I mean how do they work? Where are they getting their power from? What cables do they come with? Do you buy your own cables? The one's I see are used in the center console of the car. But where are they getting the electricity from?


----------



## Grahamcracker (Nov 2, 2016)

DRider85 said:


> But where are they getting the electricity from


It's magic


----------



## Cableguynoe (Feb 14, 2017)

DRider85 said:


> I mean how do they work? Where are they getting their power from? What cables do they come with? Do you buy your own cables? The one's I see are used in the center console of the car. But where are they getting the electricity from?


----------



## Kerplunkenstein (Sep 3, 2015)

DRider85 said:


> I mean how do they work? Where are they getting their power from? What cables do they come with? Do you buy your own cables? The one's I see are used in the center console of the car. But where are they getting the electricity from?


----------



## TedInTampa (Apr 5, 2017)

I imagine they plug into your aux port (cigarette lighter). I use a 4 way splitter from my trucking days, 1 for me, 1 each iPhone & Android, 1 spare for the pax who brought a cable.
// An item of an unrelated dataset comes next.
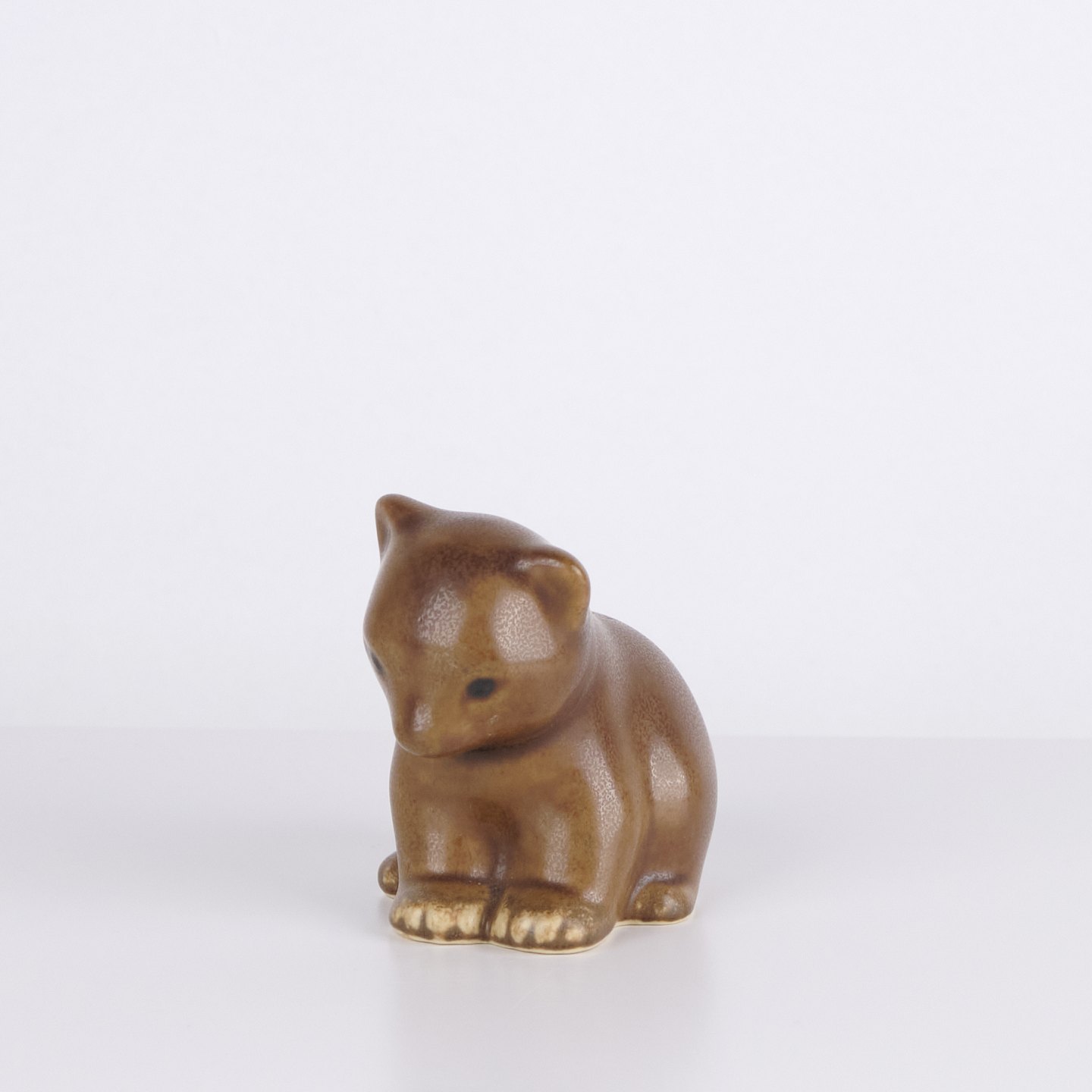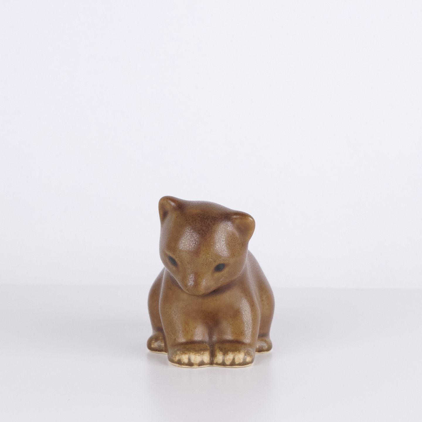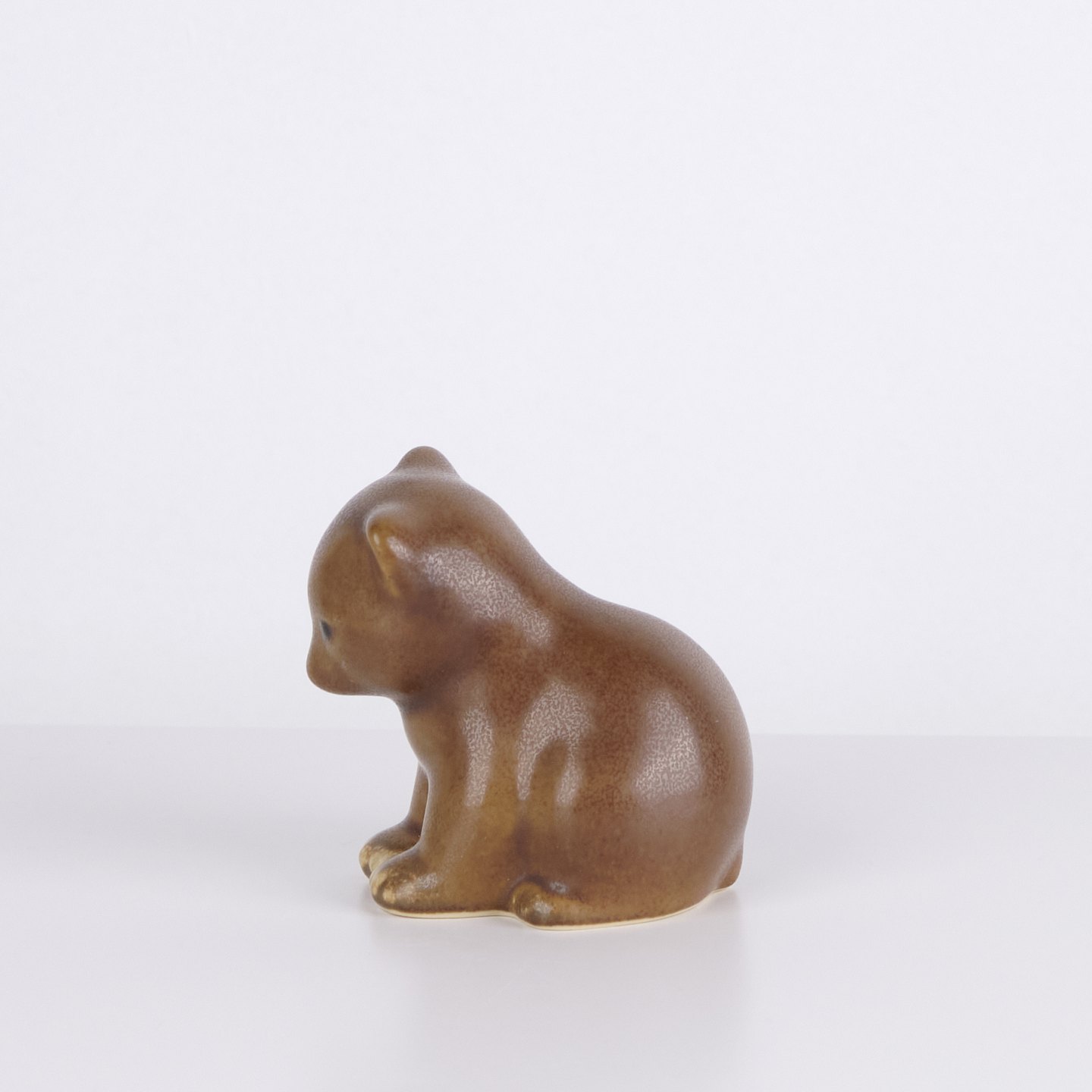 Cat figure by Knud Basse made in glazed ceramic. The figure has soft organic shapes and a calm stylized expression, characteristic of Knud Basse’s popular animal figures. Danish art pottery and sought-after collector’s item from the mid-century period.— Origin: Denmark

Some cars have an aux port in the center console.


----------



## steveK2016 (Jul 31, 2016)




----------



## DRider85 (Nov 19, 2016)

So nobody knows for sure? Also my car doesn't really have a center console. The center is just attached to the vehicle.


----------



## UberDez (Mar 28, 2017)

wow


----------



## steveK2016 (Jul 31, 2016)

DRider85 said:


> So nobody knows for sure? Also my car doesn't really have a center console. *The center is just attached to the vehicle*.


I would hope so.


----------



## Dammit Mazzacane (Dec 31, 2015)

steveK2016 said:


> I would hope so.


 I just wanted to mention that I verbally laughed out loud at this response enough to prompt logging in to post kudos.


----------